• Information shown
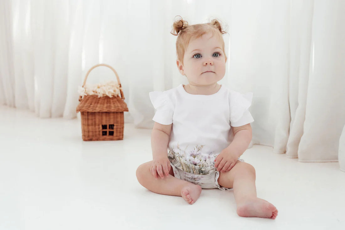 Made from gentle GOTS certified organic cotton, this tee features a gorgeous field of flowers print front and back with sweet flutter detailing to sleeves. A simple staple that will elevate any outfit.
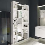 Вместительный многофункциональный шкаф с двумя створками, открывающимися от центра. На задней стенке шкафа расположено зеркало с верхней подсветкой, розетка и выключатель. По бокам расположены открывающиеся от центра секции с полками и крючками для полотенец. Левая секция имеет также держатель для фена. Полки для удобства оборудованы специальными ограничительными бортиками.
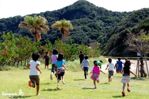 小雨が降る中始まった「うみがめ祭り」 最初は子供たちのゲーム。
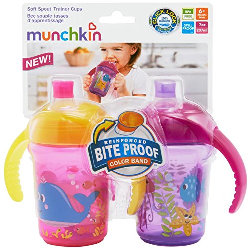 - Munchkin Click Lock 7oz Bite Proof Decorated Sippy cup, Trainer Cup 2pk Colors may vary

• Work order
Restate every line above word for word. Do not carry over the images.

• Completed exercise
 Made from gentle GOTS certified organic cotton, this tee features a gorgeous field of flowers print front and back with sweet flutter detailing to sleeves. A simple staple that will elevate any outfit.
 Вместительный многофункциональный шкаф с двумя створками, открывающимися от центра. На задней стенке шкафа расположено зеркало с верхней подсветкой, розетка и выключатель. По бокам расположены открывающиеся от центра секции с полками и крючками для полотенец. Левая секция имеет также держатель для фена. Полки для удобства оборудованы специальными ограничительными бортиками.
 小雨が降る中始まった「うみがめ祭り」 最初は子供たちのゲーム。
 - Munchkin Click Lock 7oz Bite Proof Decorated Sippy cup, Trainer Cup 2pk Colors may vary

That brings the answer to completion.